She extended her hand; Gabriel his. In feeling for each other’s palm in the gloom before the money could be passed, a minute incident occurred which told much. Gabriel’s fingers alighted on the young woman’s wrist. It was beating with a throb of tragic intensity. He had frequently felt the same quick, hard beat in the femoral artery of his lambs when overdriven. It suggested a consumption too great of a vitality which, to judge from her figure and stature, was already too little.

“What is the matter?”

“Nothing.”

“But there is?”

“No, no, no! Let your having seen me be a secret!”

“Very well; I will. Good night, again.”

“Good night.”

The young girl remained motionless by the tree, and Gabriel descended into the village of Weatherbury, or Lower Longpuddle as it was sometimes called. He fancied that he had felt himself in the penumbra of a very deep sadness when touching that slight and fragile creature. But wisdom lies in moderating mere impressions, and Gabriel endeavoured to think little of this.
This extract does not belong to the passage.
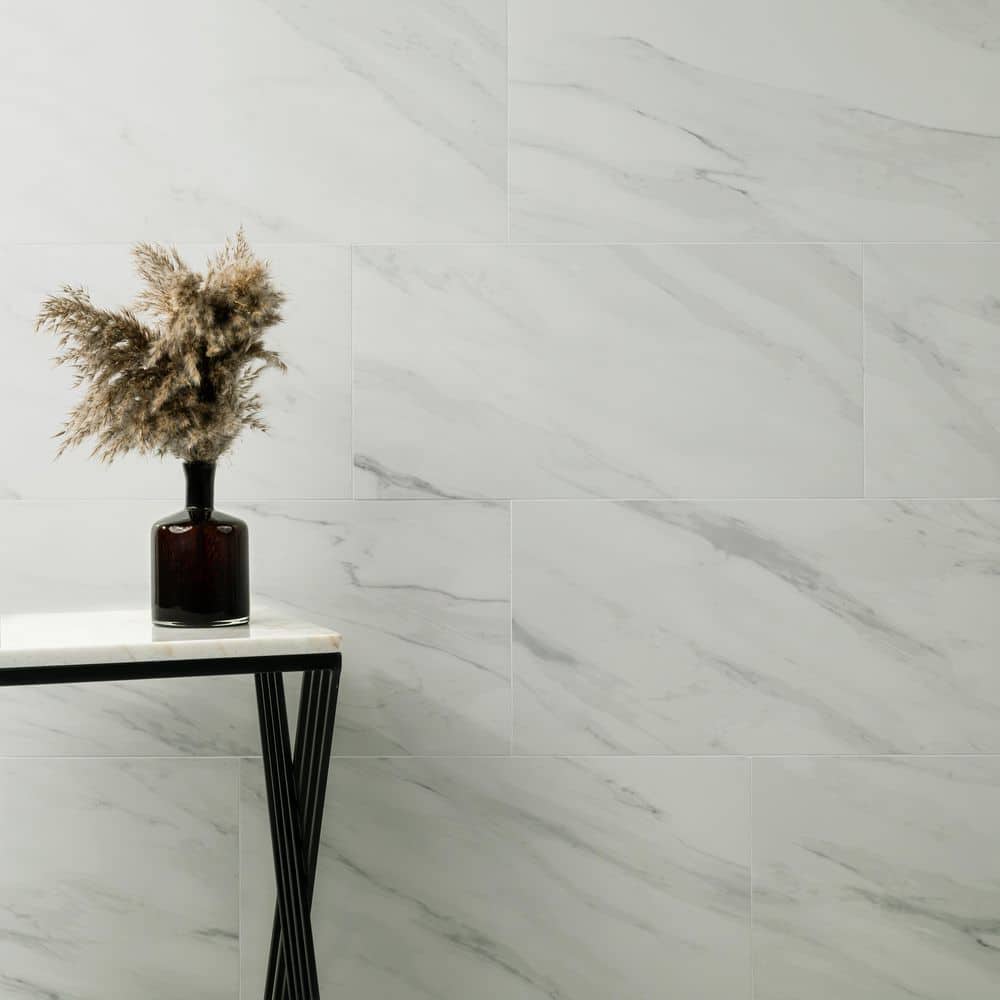 Kolasus White by MSI brings a marble-inspired look to floors and walls with durable, matte-finish porcelain. Rectified edges allow tight grout lines, and each case covers 16 sq. ft., ideal for bathrooms, kitchens, and living areas.

VIII The Malthouse; The Chat; News

Warren’s Malthouse was enclosed by an old wall inwrapped with ivy, and though not much of the exterior was visible at this hour, the character and purposes of the building were clearly enough shown by its outline upon the sky. From the walls an overhanging thatched roof sloped up to a point in the centre, upon which rose a small wooden lantern, fitted with louvre-boards on all the four sides, and from these openings a mist was dimly perceived to be escaping into the night air. There was no window in front; but a square hole in the door was glazed with a single pane, through which red, comfortable rays now stretched out upon the ivied wall in front. Voices were to be heard inside.

Oak’s hand skimmed the surface of the door with fingers extended to an Elymas-the-Sorcerer pattern, till he found a leathern strap, which he pulled. This lifted a wooden latch, and the door swung open.
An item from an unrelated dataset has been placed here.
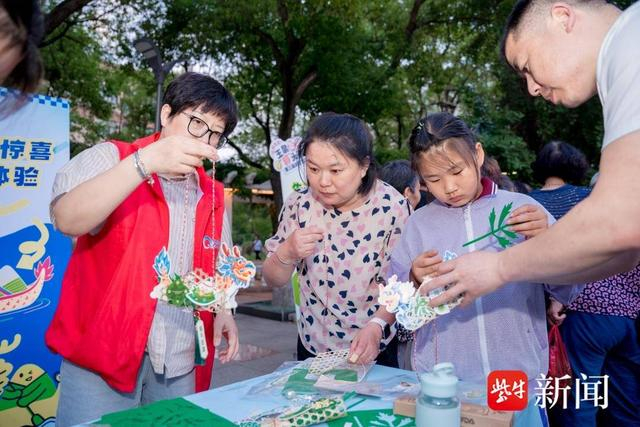 集市烟火气十足,萌趣的IP形象“小玉”“小泉”空降现场秒变顶流打卡点。包粽子、做龙舟、射五毒……互动区化身“亲子乐园”,民俗成为连接代际的桥梁,全家齐上阵让传统文化焕发新生,不仅传承了传统习俗,更将节日转化为增进社区凝聚力的契机,让城市的“细胞”充满温度。在烟火升腾之际,安全与文明的底色亦不可忽视。安全茶摊将安全茶饮与安全宣传册“打包”赠送,“粽子+环保”主题的垃圾分类宣传则让传统习俗与现代文明理念并行,赋予节日更深层的社会意义。

The room inside was lighted only by the ruddy glow from the kiln mouth, which shone over the floor with the streaming horizontality of the setting sun, and threw upwards the shadows of all facial irregularities in those assembled around. The stone-flag floor was worn into a path from the doorway to the kiln, and into undulations everywhere. A curved settle of unplaned oak stretched along one side, and in a remote corner was a small bed and bedstead, the owner and frequent occupier of which was the maltster.

This aged man was now sitting opposite the fire, his frosty white hair and beard overgrowing his gnarled figure like the grey moss and lichen upon a leafless apple-tree. He wore breeches and the laced-up shoes called ankle-jacks; he kept his eyes fixed upon the fire.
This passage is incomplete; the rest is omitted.